Courts in many states recognize exceptions and permit a contractor to pursue a claim against the government in the absence of formal written notice of intent if the government (1) possessed actual knowledge of the impending claim in a timely manner; (2) through its actions, waived the written-notice requirement; or (3) acted in some manner to compromise the contractor’s opportunity to provide written notice. However, as illustrated in a recent Virginia case, courts in other states enforce written-notice requirements strictly and without exception.
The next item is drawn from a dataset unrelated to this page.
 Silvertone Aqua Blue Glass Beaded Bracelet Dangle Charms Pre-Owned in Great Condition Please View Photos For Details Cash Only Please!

In Commonwealth of Virginia Department of Transportation v. AMEC Civil, LLC, 2009 WL 1661773 (Va. App.), the Virginia Department of Transportation (VDOT) appealed a lower court award of over $21 million to a highway contractor for approximately 11 individual claims the contractor submitted to VDOT and which VDOT denied. Both the underlying contract and the state statute that authorized contractors receiving adverse decisions on claims to file suit against the state expressly required that as a precondition of such suit, the contractor must have provided timely written notice to VDOT of its intent to file a claim.
VDOT contended at trial that the contractor failed to provide advance written notice of nearly all of the claims that composed the lawsuit, and the evidence supported its contention. However, the trial court determined the evidence also showed that despite the absence of written notice, VDOT was well aware of the contractor’s objections and complaints when they arose on the project and thus had actual knowledge the contractor would be tracking its costs and submitting claims. Based upon further evidence, the court awarded the contractor the entire amount it sought.
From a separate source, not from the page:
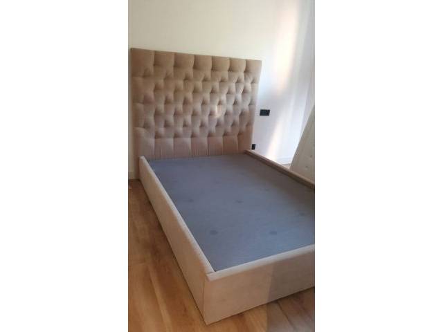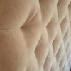 Designer Bett von Portic Mueble in der Farbe beige taupe in einer speziellen Samt Prägung. Sonderanfertigung wegen extra hohem Kopfteil und Anti Kratz Stoff ( sofern evtl. Haustiere)

On appeal, the Virginia Court of Appeals reversed the trial court’s decision and made it clear that at least with respect to public contracts, only formal written notice will suffice. The court of appeals based its ruling solely on the statutory language and the doctrine of sovereign immunity and ignored altogether nearly identical written-notice provisions in the contract. In essence, the court of appeals held that absent the statute granting a contractor permission to sue VDOT, no such right exists. Furthermore, the court added, when the legislature prescribes a process under which an entity may sue the state, that process must be strictly followed. The contractor’s failure to provide written notice to VDOT thus proved fatal and the $21 million award vanished.
Prove the exception
Courts in a few other states adopt the “statutory rationale” of the Virginia Court of Appeals regarding public contracts. Others simply rule that a written-notice provision in a contract is a material term with which the contractor must comply. This “contract rationale” is much broader in reach and would apply equally to private contracts.
The lesson for contractors is simple: Procrastinate at your peril. Project-management personnel should always strive to provide timely formal written notice to owners of their intent to file a claim because even in states willing to overlook this requirement, the burden will be on the contractor to prove after the fact that one of the exceptions applies. For a contractor that finds itself in the situation of the contractor in the VDOT case, efforts should be taken to cull the project correspondence, meeting minutes and other records to establish the foundation for application of one of the three exceptions.